Input data:
• • • • • • •

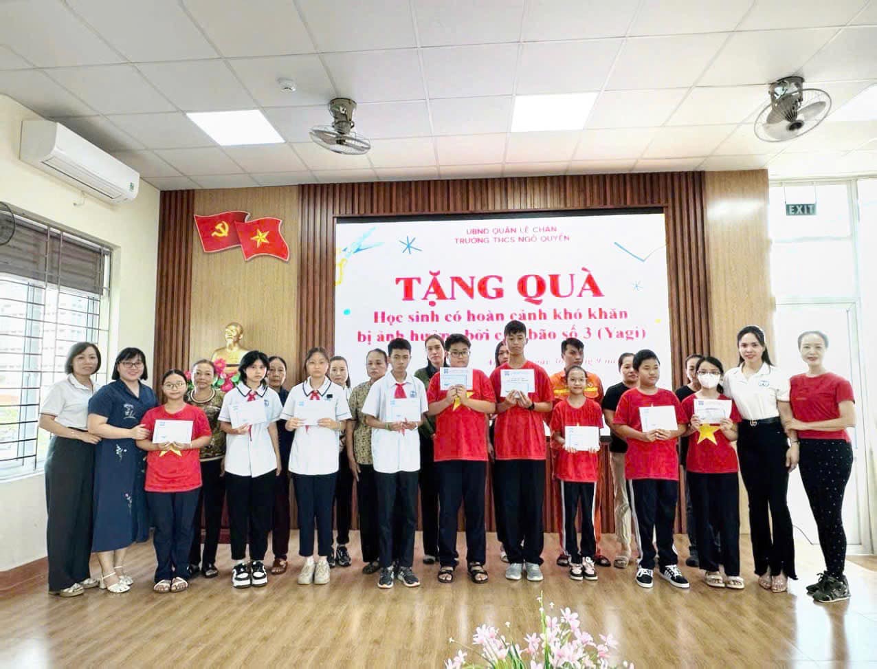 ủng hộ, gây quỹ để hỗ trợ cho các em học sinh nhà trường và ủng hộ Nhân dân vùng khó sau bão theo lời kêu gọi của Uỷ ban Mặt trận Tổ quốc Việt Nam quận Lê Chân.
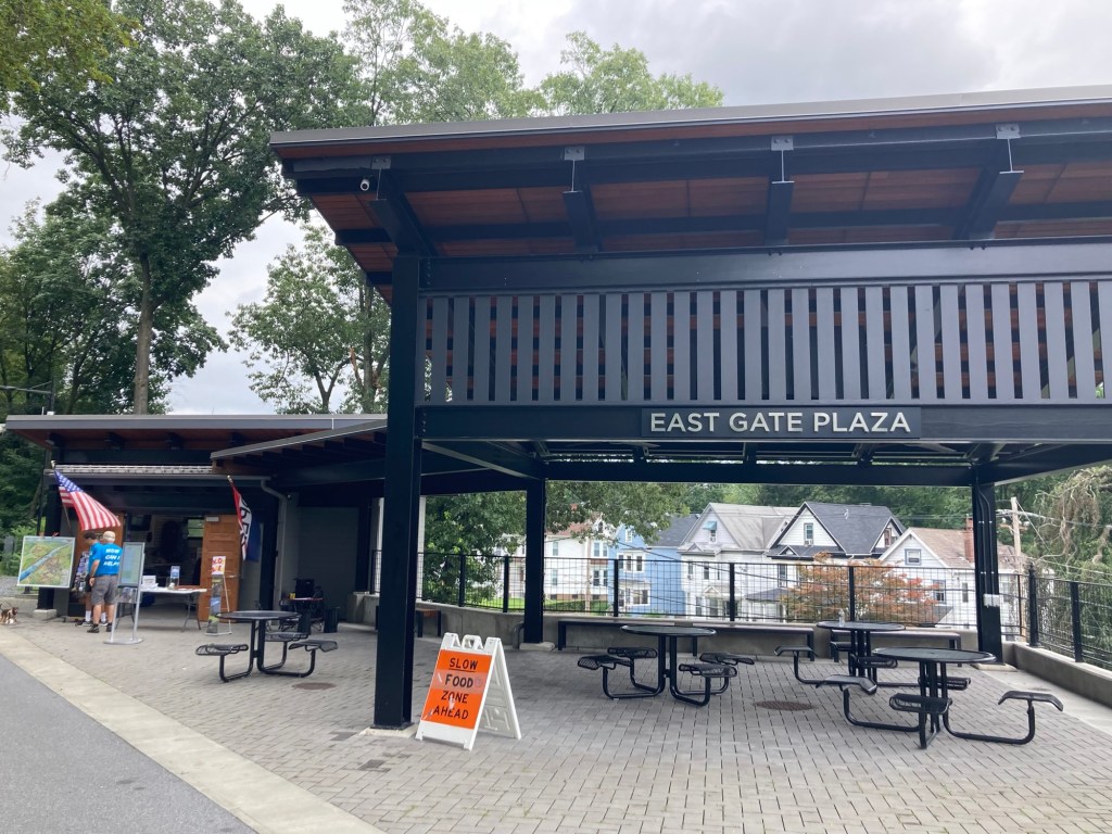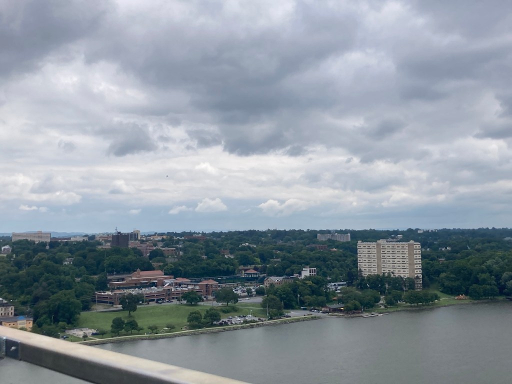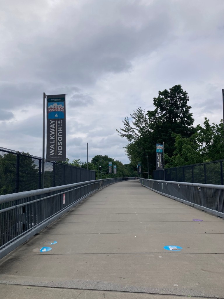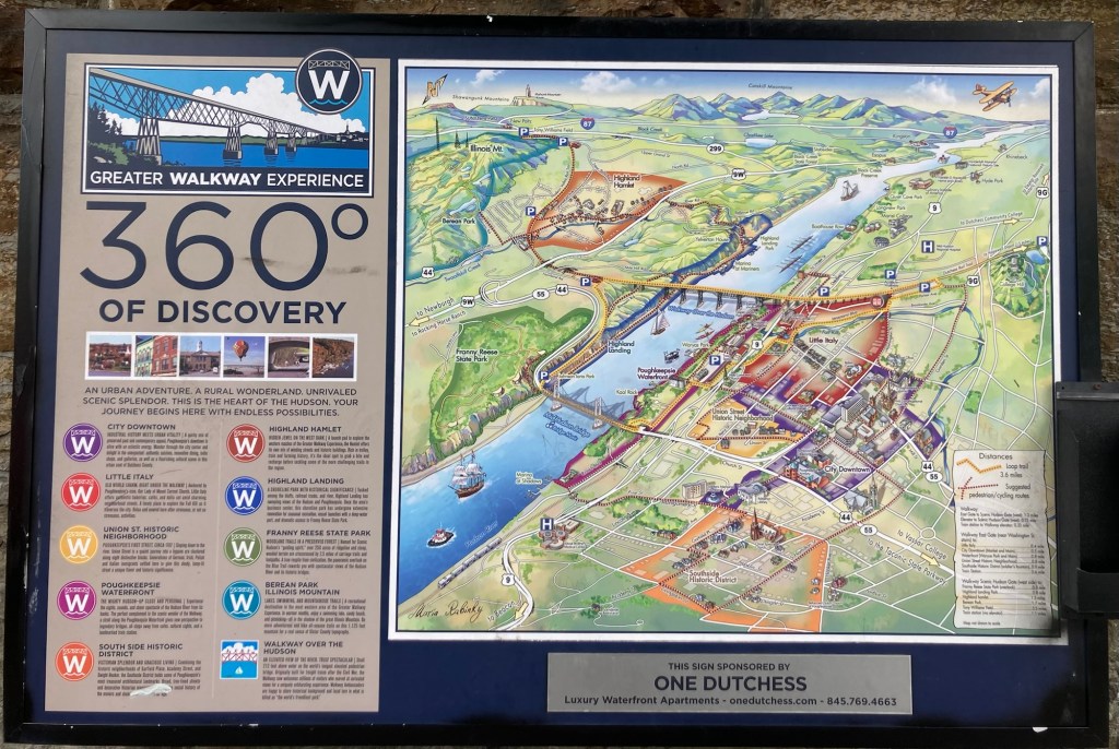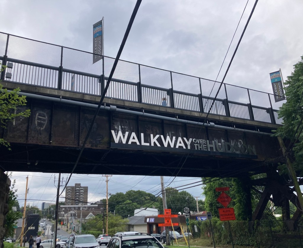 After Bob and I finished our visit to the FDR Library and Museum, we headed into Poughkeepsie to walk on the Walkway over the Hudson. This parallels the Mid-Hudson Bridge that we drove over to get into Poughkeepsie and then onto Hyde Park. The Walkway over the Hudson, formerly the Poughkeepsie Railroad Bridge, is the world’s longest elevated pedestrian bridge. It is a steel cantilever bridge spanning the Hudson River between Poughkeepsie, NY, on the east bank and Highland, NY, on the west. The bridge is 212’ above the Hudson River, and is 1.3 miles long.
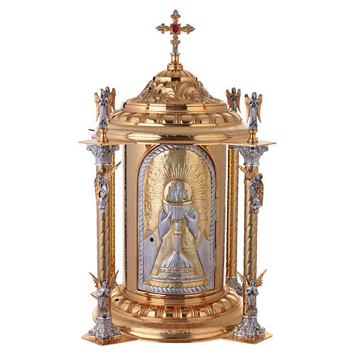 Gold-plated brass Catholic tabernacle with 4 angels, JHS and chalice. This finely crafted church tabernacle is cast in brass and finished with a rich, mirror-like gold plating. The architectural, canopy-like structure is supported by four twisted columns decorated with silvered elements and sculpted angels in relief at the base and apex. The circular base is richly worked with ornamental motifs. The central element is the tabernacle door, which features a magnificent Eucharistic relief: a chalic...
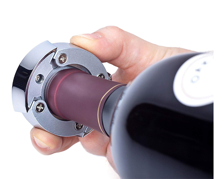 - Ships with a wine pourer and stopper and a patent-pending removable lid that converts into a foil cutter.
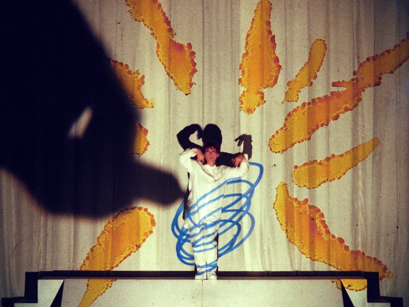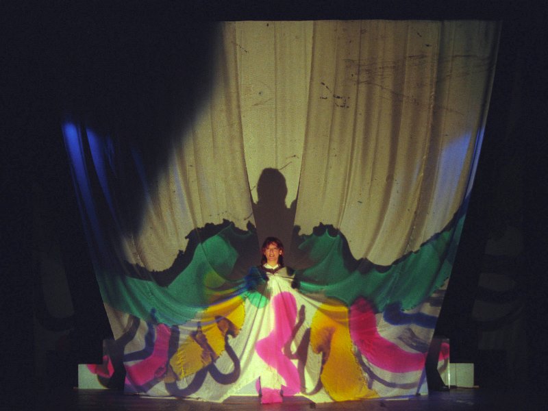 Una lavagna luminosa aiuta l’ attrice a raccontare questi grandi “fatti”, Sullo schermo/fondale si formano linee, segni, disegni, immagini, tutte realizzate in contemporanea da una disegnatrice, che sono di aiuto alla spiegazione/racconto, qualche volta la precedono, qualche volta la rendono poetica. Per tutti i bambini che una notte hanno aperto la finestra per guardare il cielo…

• • • • • • •

Task goal: Print every line of the material exactly as written, but drop the pictures.

Answer to the exercise:
 ủng hộ, gây quỹ để hỗ trợ cho các em học sinh nhà trường và ủng hộ Nhân dân vùng khó sau bão theo lời kêu gọi của Uỷ ban Mặt trận Tổ quốc Việt Nam quận Lê Chân.
 After Bob and I finished our visit to the FDR Library and Museum, we headed into Poughkeepsie to walk on the Walkway over the Hudson. This parallels the Mid-Hudson Bridge that we drove over to get into Poughkeepsie and then onto Hyde Park. The Walkway over the Hudson, formerly the Poughkeepsie Railroad Bridge, is the world’s longest elevated pedestrian bridge. It is a steel cantilever bridge spanning the Hudson River between Poughkeepsie, NY, on the east bank and Highland, NY, on the west. The bridge is 212’ above the Hudson River, and is 1.3 miles long.
 Gold-plated brass Catholic tabernacle with 4 angels, JHS and chalice. This finely crafted church tabernacle is cast in brass and finished with a rich, mirror-like gold plating. The architectural, canopy-like structure is supported by four twisted columns decorated with silvered elements and sculpted angels in relief at the base and apex. The circular base is richly worked with ornamental motifs. The central element is the tabernacle door, which features a magnificent Eucharistic relief: a chalic...
 - Ships with a wine pourer and stopper and a patent-pending removable lid that converts into a foil cutter.
 Una lavagna luminosa aiuta l’ attrice a raccontare questi grandi “fatti”, Sullo schermo/fondale si formano linee, segni, disegni, immagini, tutte realizzate in contemporanea da una disegnatrice, che sono di aiuto alla spiegazione/racconto, qualche volta la precedono, qualche volta la rendono poetica. Per tutti i bambini che una notte hanno aperto la finestra per guardare il cielo…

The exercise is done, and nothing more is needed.